The problem is we do not have enough isolation rooms here. To get the patient who is the most symptomatic with fluid overload into the room first and the other better one can wait elsewhere in isolation. By the way my nurse has to attend to this patient alone in a more stringent PPE as we can’t take chances to allow her to move about attending to other patients. As it is, the number of our nurses is already limited, so the others need to take over and make do.
How time flies…looks like we are already at the end of the first shift. The other new shift of patients are already waiting outside. It’s another commotion now as the nurses have to conclude the session. They have to press the fistula to avoid bleeding and it must be done quickly as we do not want the other shift to wait too long. Wait! I saw a patient going back the wrong way, let me stop her first. “Aunty, how many times must I tell you, you come in this way and come out a different way because we don’t want to mingle with the other shift, do we?
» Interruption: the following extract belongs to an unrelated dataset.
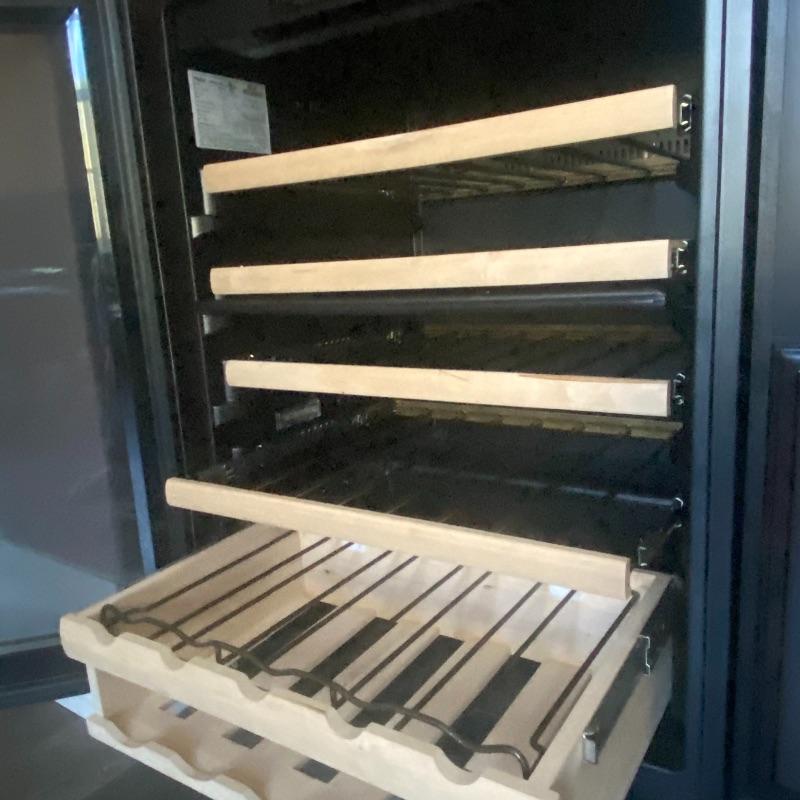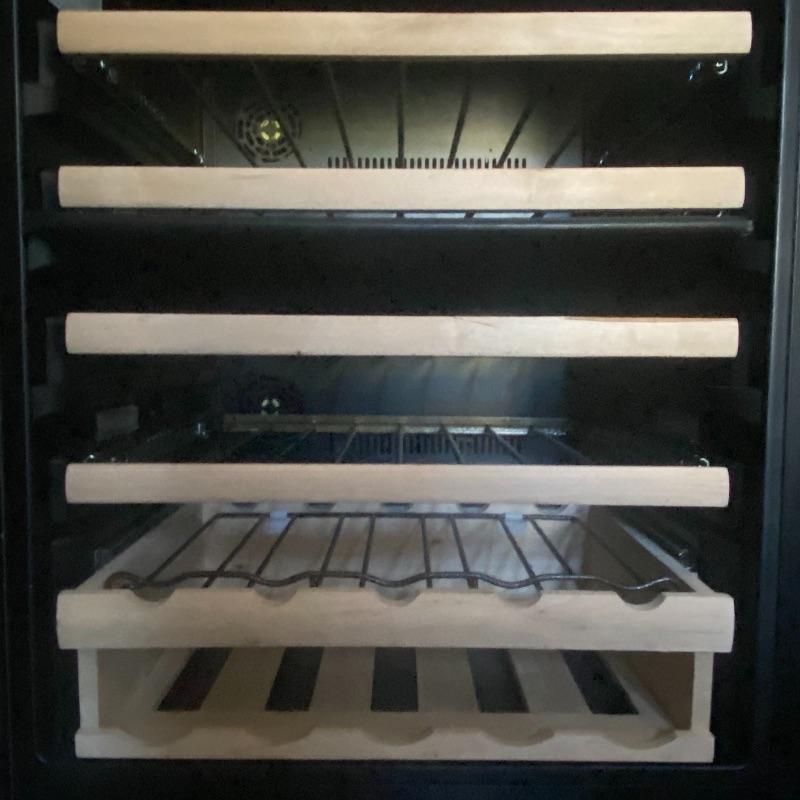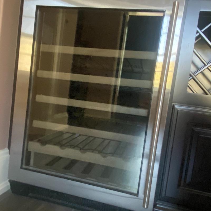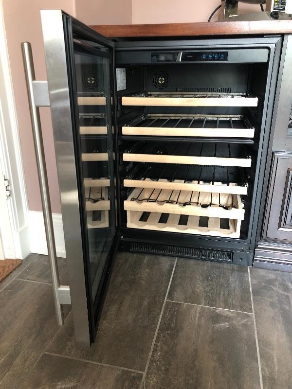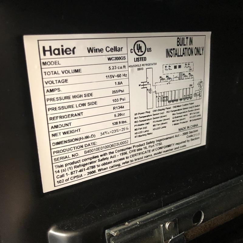 This Haier wine cellar is a great place to store you favorite wines. Be aware though, it is currently not working so it will need a repair to get it cooling properly. Hopefully you'll get yourself a deal! Has five slidable racks. See photos. Model WC200GS. Measurements are 24”x34”. Local pick up only.

Not till this pandemic is over ok?” Sadly the patient has to just nod because most likely she may forget again the next session.
Shall we wrap it up with our short tour? I hope you have been given a glimpse of our daily life at my dialysis unit. What have we learned today?
Not everyone no matter how scared they are with this Covid-19 can have the privilege to just stay at home or work from home. Definitely not for my dialysis patients, if given the option, they should be the ones who must really be at home as they are the most vulnerable. I hope you can also appreciate the level of the sacrifice the health care workers are putting into this. Day in and day out we are always exposed.
So the least that you can do is please wear your mask, protect us from the spread of the virus.
Hope you can find your way out. Don’t leave your belongings behind and take care of your kidneys. Hope I don’t have to see you again here.